In the line, we usually define line as y=ax+b . it will the same as on the hyperplane, we get \(w^T x + b\)
An (affine) linear function is a function f : ℝd → ℝ of the form \(f(x) = w^T x + b\), where w ∈ ℝd (w ≠ 0) and b ∈ ℝ.
A hyperplane is a subset H ⊂ ℝd defined as \(H := \{ x \in ℝ^d : f(x) = 0 \}\)
The preposition or properties of hyperplanes. Let H be a hyperplane defined by the affine-linear function \(f(x) = w^T x + b\)
- the vector w is orthogonal to H, meaning that: for all x1, x2 ∈ H. it holds \(w^T (x_1 - x_2) = 0\)

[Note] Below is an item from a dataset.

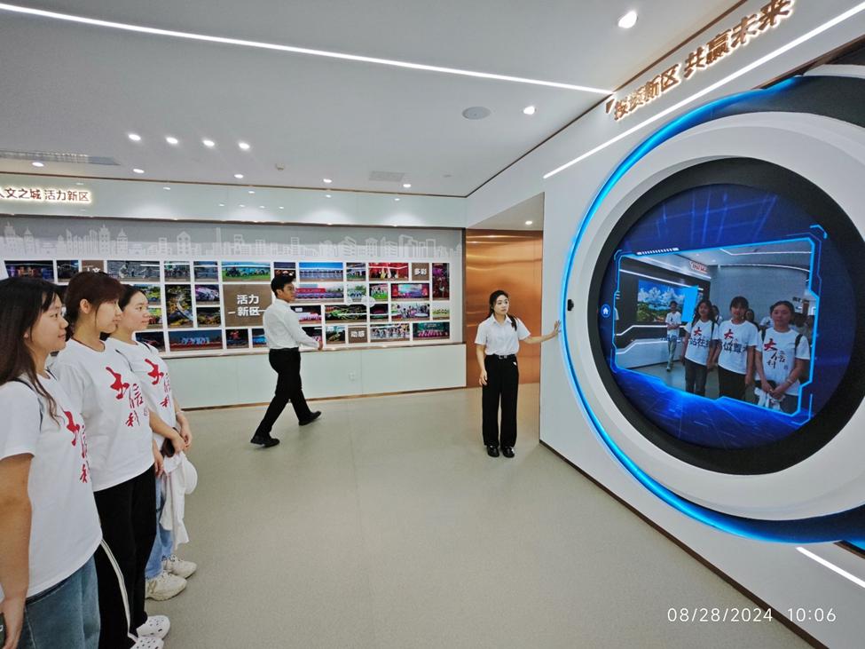 8月28日,是实践团在肇庆的最后一天。实践团来到了肇庆新区企业智慧共享中心,参观了中心的展示大厅,了解了智慧科技在城市管理、交通规划、环境保护等方面的应用。中心负责人向师生们展示了通过大数据、云计算、物联网等技术实现的智慧城市解决方案,让师生们对智慧科技的潜力和未来充满了期待。

- the signed distance of a point x to H is given by \(d(x,H) = \frac{1}{ \lVert w \rVert }(w^Tx+b)\)
Finding the best Hyperplane
By looking at the data points and the result hyperplane, we can see the margin between the data with the hyperplane. This mean that the optimal hyperplane will be the one with the biggest margin, because the large margin will give a small deviation in the data points, and will not effect with the outcome of the model.
Linear Classifiers
A classifier of the form \(f(x) = w^T x + b\) is called linear classifier.
Adventages
- They easy to understand
- It works really well on clear margin seperation
- It is still effective on the big data, and also effective in cases where the number of dimensions is greater than the number of samples.
- It is fast
Disadventages
- Suboptimal performance if true decision boundary is non-linear. it occure for very complex problems such as recognition problem and many others.

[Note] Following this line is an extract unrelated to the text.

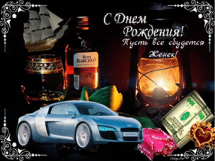 Пусть все у Гиф с машиной Машина, деньги, шампанское, золото.мужчине анимация мерцающая.на день рождения. Предлагаем вашему вниманию

Nearest Centroid Classifier
NCC is the linear classifier that classifies model that assigns to observations the label of the class of training samples whose the mean or (centroid) is closest to the observation.
The training data is compute as plus and minus centroid. by computing centroid for each using \(c_{-} = \frac{1}{ \vert I_{-} \vert } \sum_{i \in I_{-}} x_i\) for negative and \(c_{+} = \frac{1}{ \vert I_{+} \vert } \sum_{i \in I_{+}} x_i\) for positive.
The prediction is given new x predict using \(arg min_{y \in \{ - , +\}} ‖ x - c_y ‖\)
Proof if the NCC is linear classifier \(f(x) = w^T x + b\) with \(w:= 2(c_+ - c_-)\) and \(b := ‖c_-‖^2 - ‖c_+‖^2\)
The decision boundary is \(H = \{ x \in ℝ^d : \| x - c_- \| = \| x - c_+ \| \}\)
\[\| x - c_- \|^2 = \| x - c_+ \|^2\] \[\| x \|^2 - 2c_-^T x + \| c_- \|^2 = \| x \|^2 - 2c_+^T x + \| c_+ \|^2\] \[2(c_+ - c_-)^T x + ( \| c_- \|^2 - \| c_+ \|^2 )\]\(w:= 2(c_+ - c_-)\) and \(b := ‖c_-‖^2 - ‖c_+‖^2\)
\[w^T x + b = 0\]Thus it is proved that the NCC is a linear classifier.
Linear Support Vector Machines
The properties of Linear SVMs is fast. It can be trained in O(n d) . it also can be trained in a distributed manner (map-reduce). The second is the Linear SVMs is simple. it will easy on the geometrical interpretation. the third is accurate, in circa 50% of the data out there.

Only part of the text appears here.